Background and objectives: Cigarette smoking is associated with an increased risk to develop myocardial infarction and ischemic stroke. However, the mechanisms responsible for these effects are still poorly understood.
Aim: To investigate whether nicotine, the major component of cigarette smoking, and its main metabolite, cotinine, might induce a pro-thrombotic state via stimulation of tissue factor (TF) expression in two cell population widely represented in the arterial wall such as endothelial cells (ECs), and smooth muscle cells (SMCs).

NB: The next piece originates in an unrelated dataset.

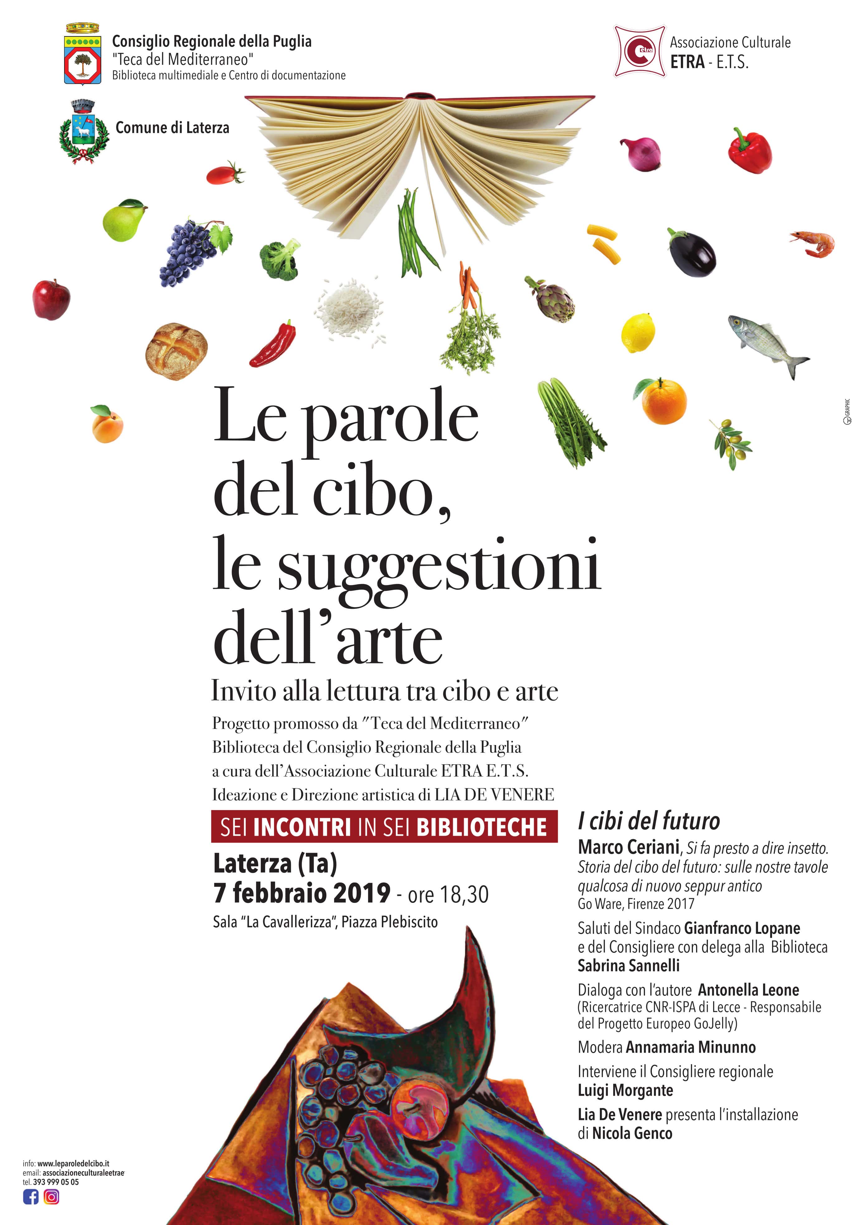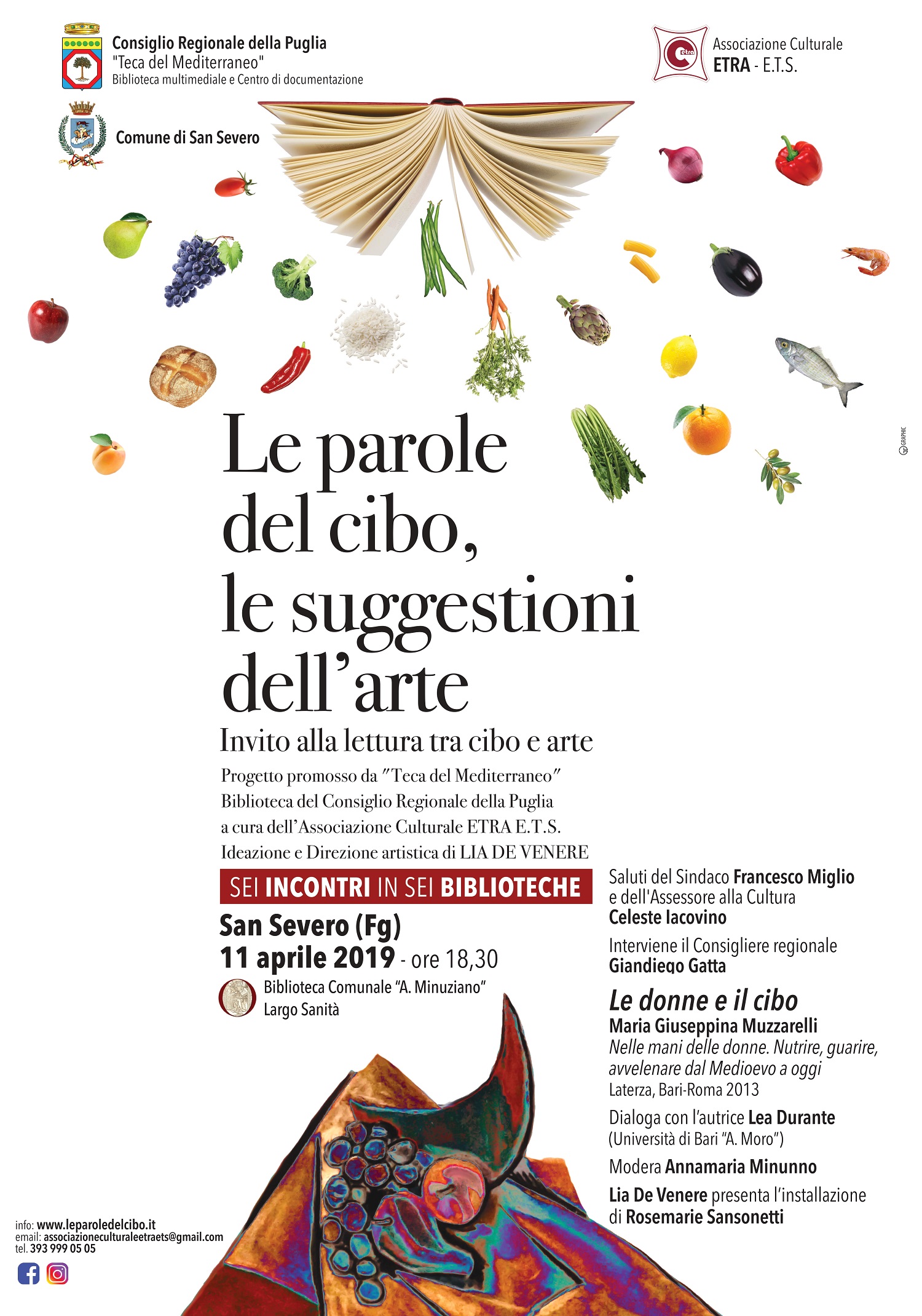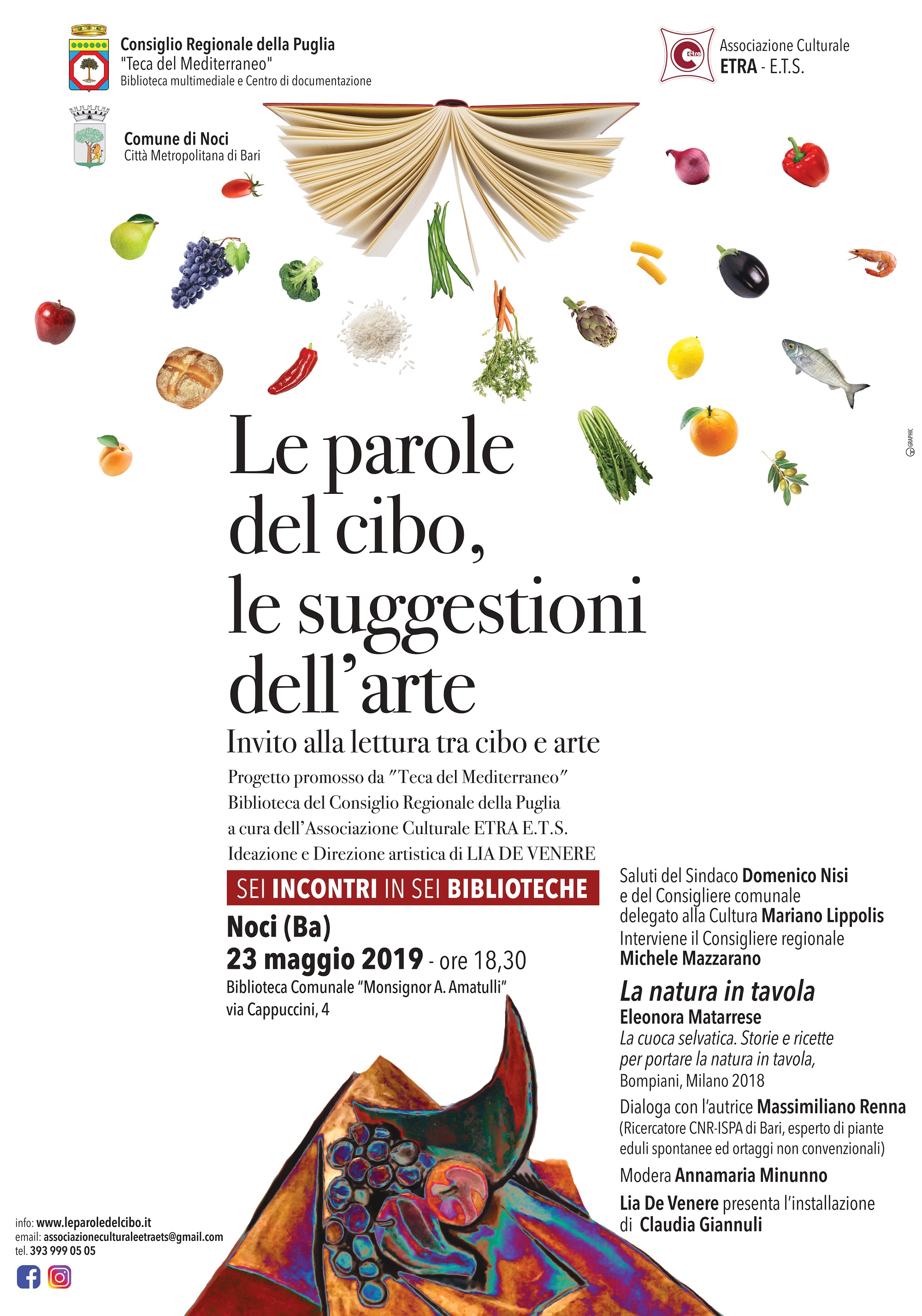 Sono state coinvolte sei biblioteche pugliesi, una per ogni provincia, in altrettanti incontri con la presentazione di libri e di installazioni di artisti contemporanei pugliesi (Nicola Genco, Dario Agrimi, Rosemarie Sansonetti, Giuseppe Ciracì, Claudia Giannuli, Mariantonietta Bagliato) legati al tema del cibo, oltre all’intervento di ricercatori ed esperti.

Methods and results: Incubation of ECs and SMCs with nicotine and cotinine induced TF expression in both cell types in a dose-dependent fashion, exerting its effect at the transcriptional level, as demonstrated by semiquantitative and by real-time PCR. Nicotine- and cotinine-induced TF expression was mediated by the activation of the transcription factor, nuclear factor-kappa B (NF-kappaB), as demonstrated by electrophoretic mobility shift assay and by the suppression of TF expression by the NF-kappaB inhibitor, pyrrolidine dithio carbamate ammonium.
Conclusions: These data indicate that nicotine and cotinine exert direct effects on ECs and SMCs, shifting them toward a pro-thrombotic state via induction of TF expression. These effects on cells of the vessel wall might explain, at least in part, the deleterious cardiovascular consequences of cigarette smoking.